Belden Lane: Well, I guess over the last ten years or so, since turning 40. Dante speaks of entering the dark wood, the midpoint of your life. I too experienced a keen desire, a need to go into wilderness: backpacking in the Ozarks near home, getting out to New Mexico and the desert as often as possible. I found somehow a deep sense of the emptiness in my life being echoed by that, especially along with the death of my mother by cancer in recent years, and a healing that comes through what seems to be initially the utter "threatening-ness" of the desert. It became something more than that to me.

Talbot: So that during your mother's death the desert experience was a vehicle for grieving?

Lane: It was. Very much so.

Talbot: Now, you're working on a book, soon to be available to us, that centers on sacred space and story. Tell us about that.

Lane: Well it's tentatively entitled The Solace of Fierce Landscape: Studies in Desert and Mountain Spirituality. And I'm fascinated in that to look in the history of Christian spirituality how often the image of Moses going into the desert, up the mountain and into the dark cloud becomes a dominant metaphor for those periods, those experiences of emptiness, of brokenness in our lives. When we meet God beyond words, beyond image, in the dark place that ends up not being dark and empty at all, but being filled with God, as Moses found.

Talbot: And you talk about the unattainable mountain, paraphrasing C.S.Lewis' Surprised by Joy, being aware of that which we really can't attain.

Lane: You know, there's a little piece in the book about a wonderful sixth century monk named Cosmas Indicoipleusteus, who lived at the foot of Mt. Sinai and loved it, and yet realized that the mountain was a metaphor of a larger mountain beyond it that he never saw, only saw in his dreams, that he always longed for. And of course that mountain is God.

Talbot: You made a reference to the death of your father when you were only 13. How was the desert experience for you when you finally faced that reality and the need for closure?

Lane: My father's death was very violent and sudden and hard for me to cope with at that young age. But through my mother's slow death by cancer over the last few years, there's been an opportunity to go back to that and to let go of that grief, too. And that's been maybe one of the most profound experiences of deserts and healing for me.

Talbot: Now, you do go physically to the deserts today with your family. But you don't really have to make those kinds of journeys do you, to understand the kind of transformation that you're talking about?

Lane: I'm fascinated with the desert as desert, but also as metaphor. And as I said, it's the place that comes to us, the place of emptiness that we experience from time to time in our lives that we wouldn't ask for, but we find ourselves in.
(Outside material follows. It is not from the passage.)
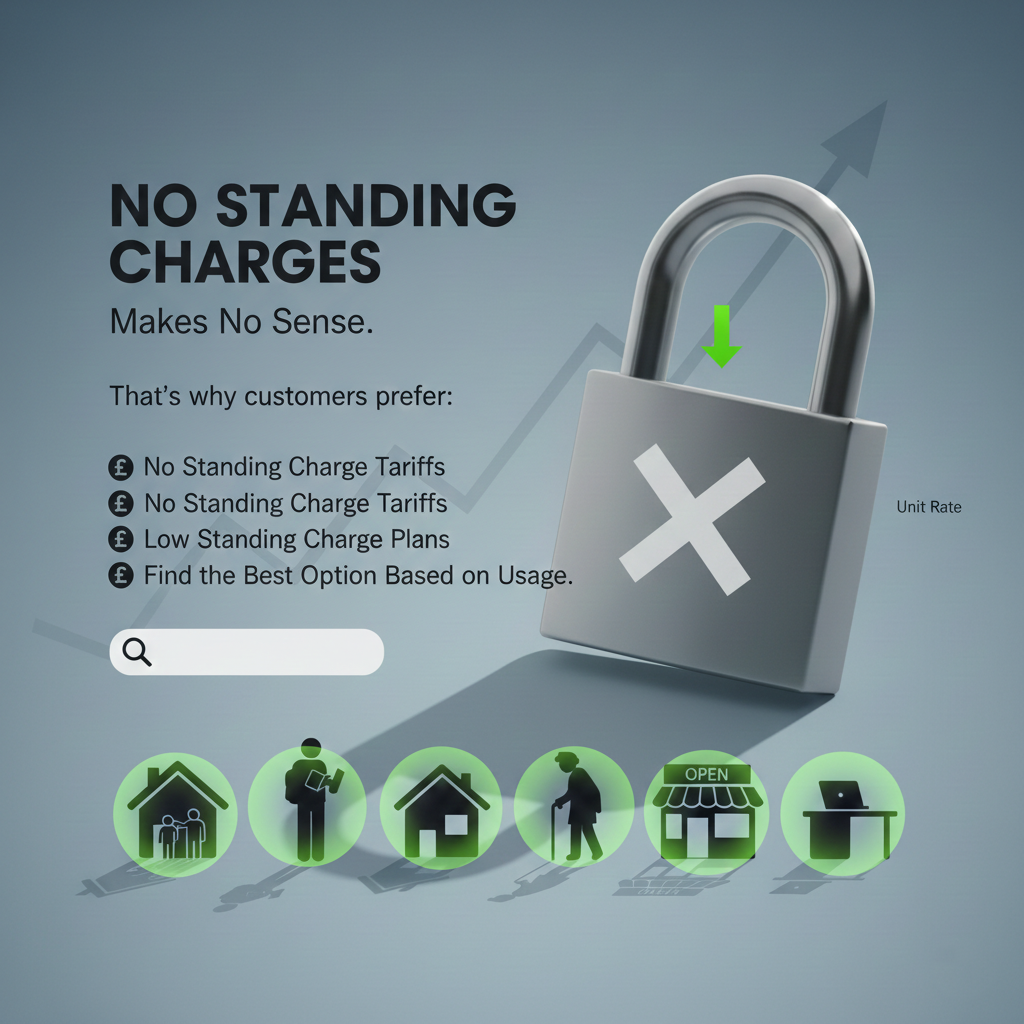 We perform a full electricity standing charge comparison across multiple suppliers. This includes checking the cheapest standing charge electricity, reviewing EDF standing charge options, and other energy suppliers without a standing charge.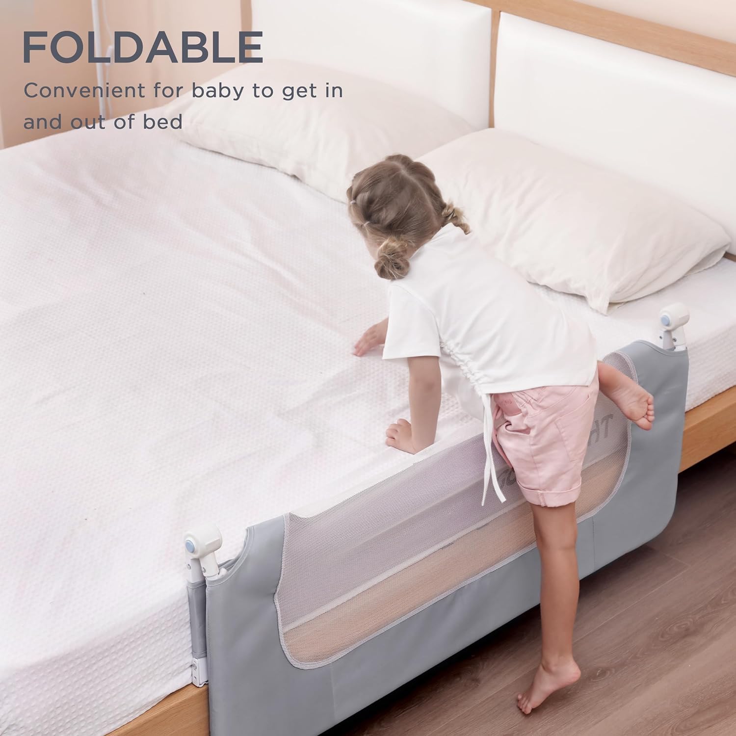 👶It can easily install this Toddler Bed guardrail at home, One-touch folding, one-touch lifting and lowering easy operation.

And it can blossom like a rose! That's the amazing thing.

Talbot: As a Presbyterian minister and professor of religious studies, you must tell us in our final moment what your own calling was about.

Lane: Well, I served churches for about six years before teaching. I've been at St. Louis University for about 18 years and I love it. I love to tell stories. I love the history of spirituality. And in the time I've got left, I want to focus on place and story.

Talbot: Who inspired you most along the way?

Lane: A teacher I had in seminary who died of cancer himself at the age of 36. That was a traumatic experience for me in that last year when he knew he was dying, but taught me theology in a way that nobody else ever has.

Talbot: An important kind of connection, I see, that is very much a part of who you are today. Thank you, Dr. Belden Lane. Wonderful having you on the program.

Lane: Thank you, Lydia. A delight to be here.